4. Совсем необязательно, что все компоненты одного синдрома имеют общее происхождение. Так, при делирии помрачение сознания (оглушение) может быть обусловлено экзогенным или органическим фактором, а галлюцинации или бред – эндогенным. Собственно, другие состояния экзогенно-эндогенной природы (помимо состояний помрачения сознания) так даже и не получили обобщённой синдромальной квалификации. Например, развивающиеся на фоне соматической патологии так называемые переходные синдромы отличаются присутствием заметной астении, но в отличие от депрессивно-параноидных синдромов, например, об астено-параноидных говорить не принято. Если на фоне слабоумия возникают обильные галлюцинации, то определяется деменция с галлюцинозом, т.е. фактически обозначаются два вида симптоматики.

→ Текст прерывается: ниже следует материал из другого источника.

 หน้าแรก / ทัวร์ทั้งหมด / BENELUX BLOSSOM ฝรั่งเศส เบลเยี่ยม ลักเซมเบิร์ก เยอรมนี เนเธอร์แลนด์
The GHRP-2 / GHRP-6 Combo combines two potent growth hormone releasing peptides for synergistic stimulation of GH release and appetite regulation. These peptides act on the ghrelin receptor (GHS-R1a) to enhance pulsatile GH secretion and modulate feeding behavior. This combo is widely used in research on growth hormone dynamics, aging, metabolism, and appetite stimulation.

Разными факторами могут определяться не только разные симптомы в рамках одного синдрома, но и отдельные характеристики одного симптома. Экзогенно-органические влияния определяют предпочтительность галлюцинаций в зрительной модальности перед слуховой, а также истинных перед псевдогаллюцинациями. При эндогенном происхождении галлюцинаций – обратная предпочтительность. (Обобщая, следует заключить, что экзогенно-органический фактор способствует более ощутимому нарушению процессов восприятия.)

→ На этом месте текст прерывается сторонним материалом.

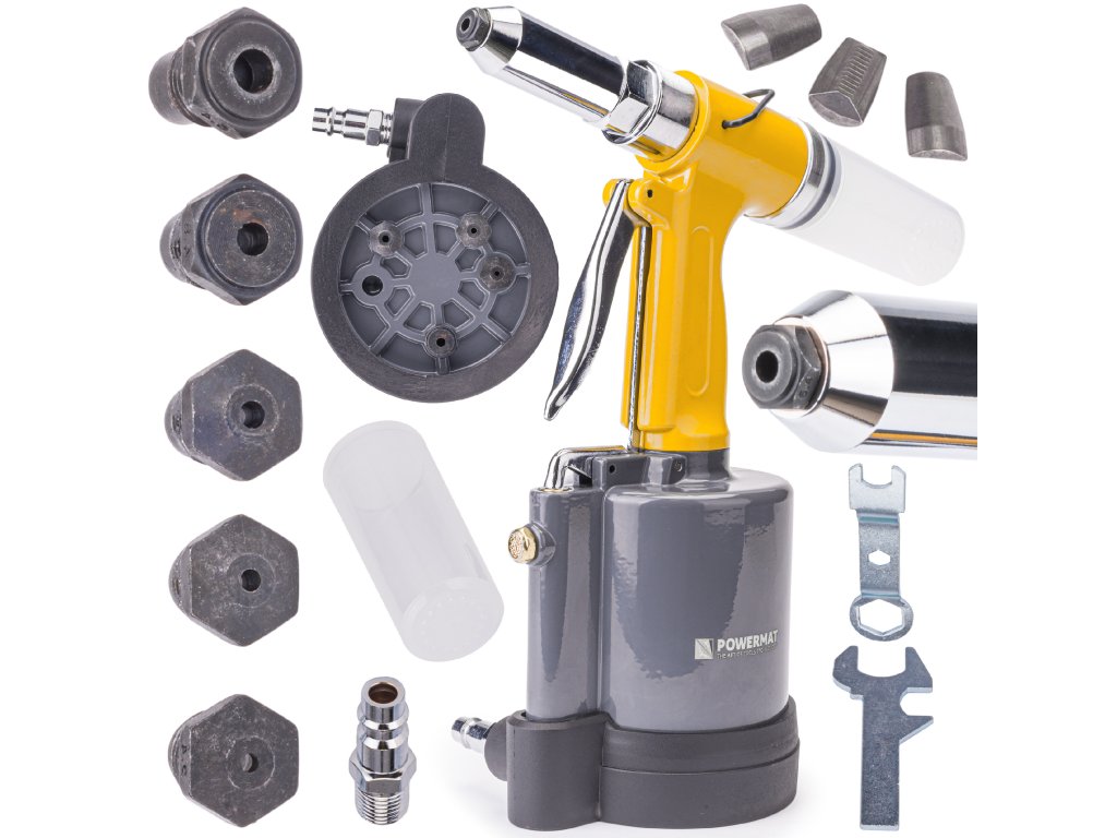 Visokokvalitetna pneumatska zakivačica namijenjena je za korištenje s vlačnim zakovicama promjera od 2,4 mm do 6,4 mm. Omogućuje stvaranje trajnih spojeva zakovicama izrađenim od aluminija, nehrđajućeg čelika, čelika i bakra. Zakivačica je opremljena spremnikom za skupljanje otpada nastalog tijekom zakivanja, što je čini idealnim alatom za industrijsku primjenu.

А.С. Кронфельд настаивал, что нозологическую специфичность следует усматривать не в синдромах, а в их специфической структуре, «окраске». Например, если при маниакальном синдроме отмечаются расстройства мышления, то речь идёт о шизофрении, а если двигательные расстройства и брадифрения – об энцефалите. Из этих приводимых им примеров следует, что «окраска» или «структура» как раз и заключается в присутствии симптоматики, относительно специфичной для того или иного заболевания.

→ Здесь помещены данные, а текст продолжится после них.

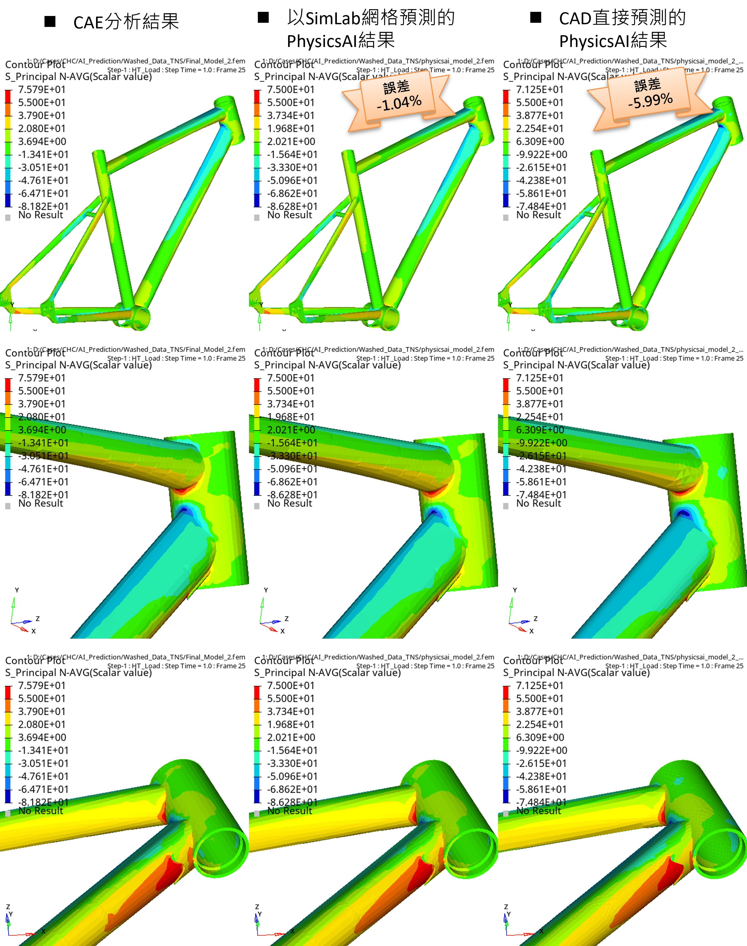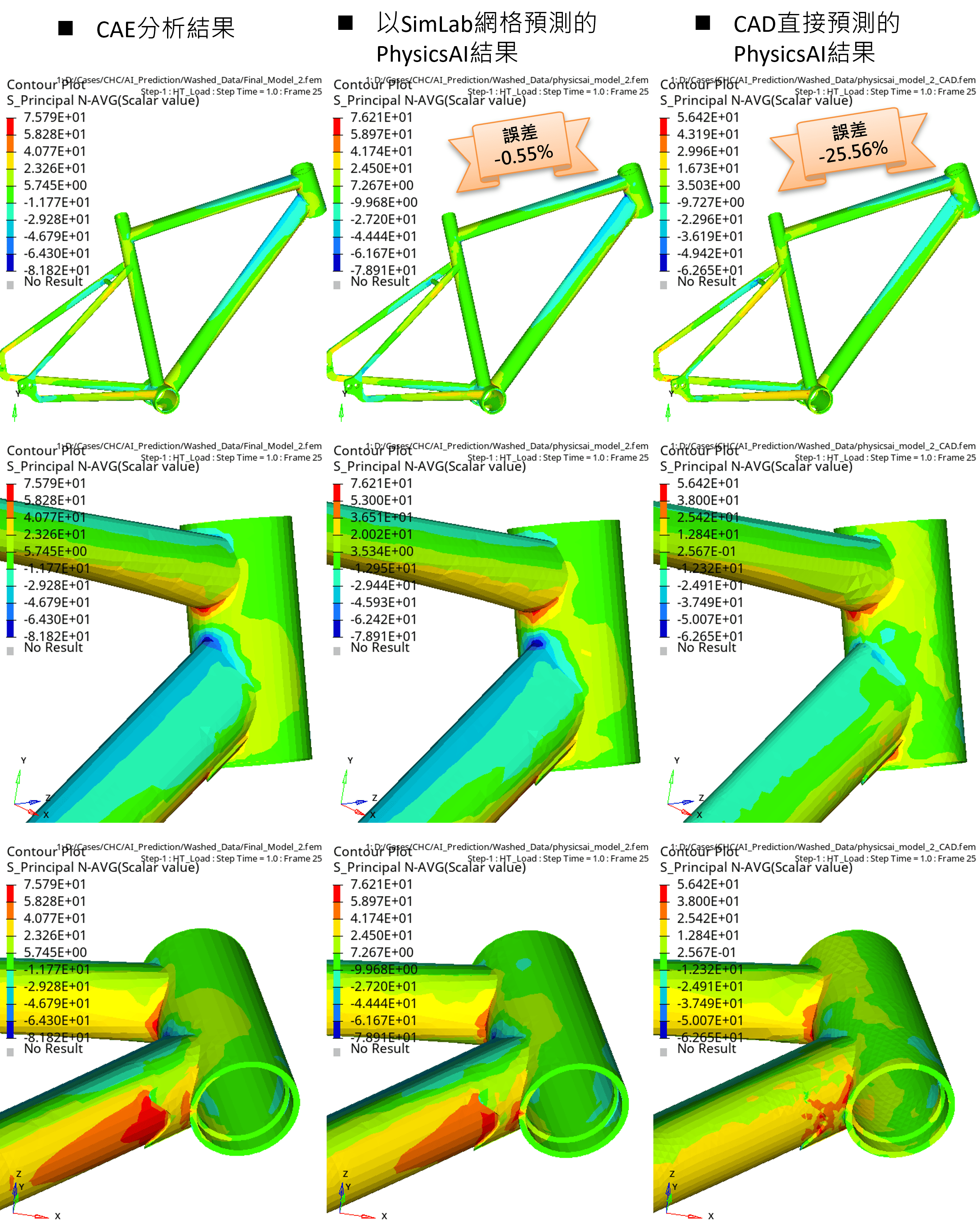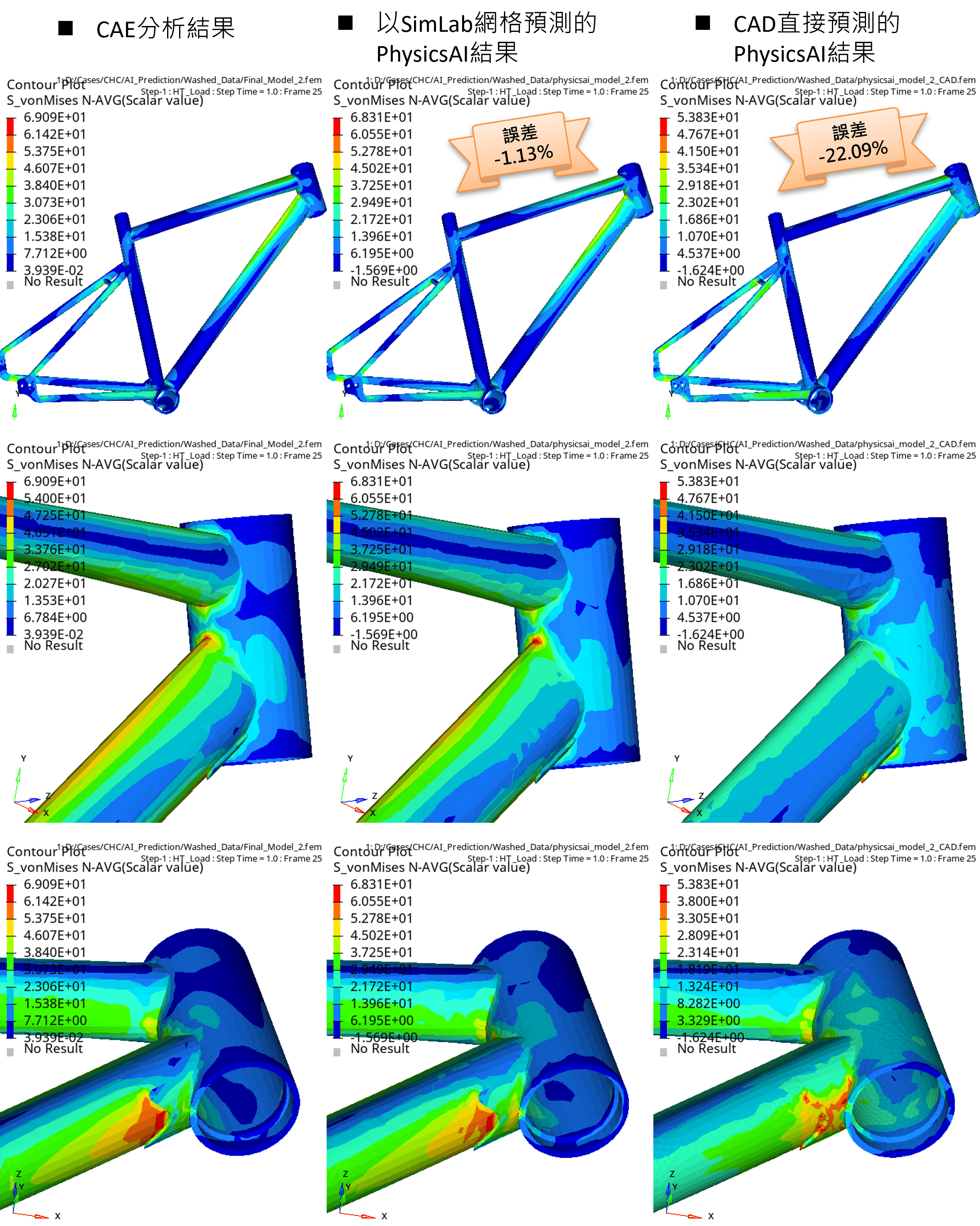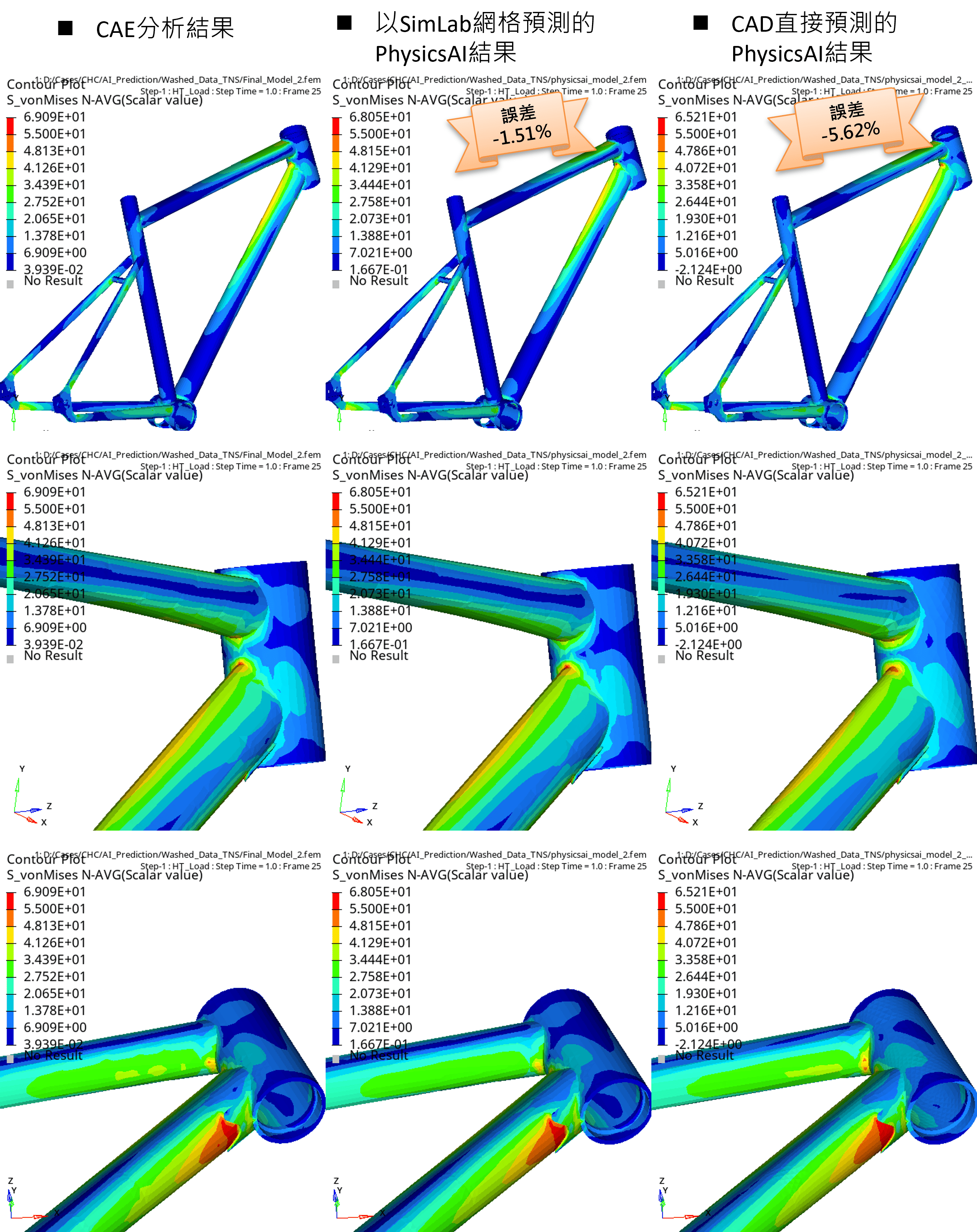 | CAE分析 | 手動網格的AI預設 | CAD的AI預設 | 手動網格/CAD預測誤差(%) | |

Более правомерно было бы говорить об особой «окраске» симптомов: в частности, слабая выраженность реактивного компонента при депрессивном аффекте может быть обусловлена неполноценностью эмоциональности при шизофрении или психопатологическом диатезе. Однако и в таком случае оправдано квалифицировать эмоциональный дефицит как дополнительный симптом (нозологическая специфичность которого относительна).

5. Этиологическая специфичность классификационной принадлежности симптомов, в отличие от их окраски, отдельных характеристик или синдромов, представляется существенно более высокой. Доказательствами служат данные сравнения распространённости различных симптомов в общей популяции и среди определённых когорт больных. Например, поскольку при детском церебральном параличе депрессивный аффект не встречается существенно чаще, чем в популяции, то нет оснований приписывать этой органической патологии депрессогенную роль. Последней противоречит и отсутствие достаточных совпадений в ухудшении сомато-неврологического состояния и обострений эндоформной симптоматики (хотя здесь вполне допустимо предположение о возможной если не этиологической, то провоцирующей роли сомато-неврологического фактора). Ещё один аргумент состоит в возможности выявлять предшествующие сомато-неврологической вредности и эндоформной симптоматике доманифестные психические расстройства в подавляющем большинстве наблюдений с информативным анамнезом. Подробнее см. (2).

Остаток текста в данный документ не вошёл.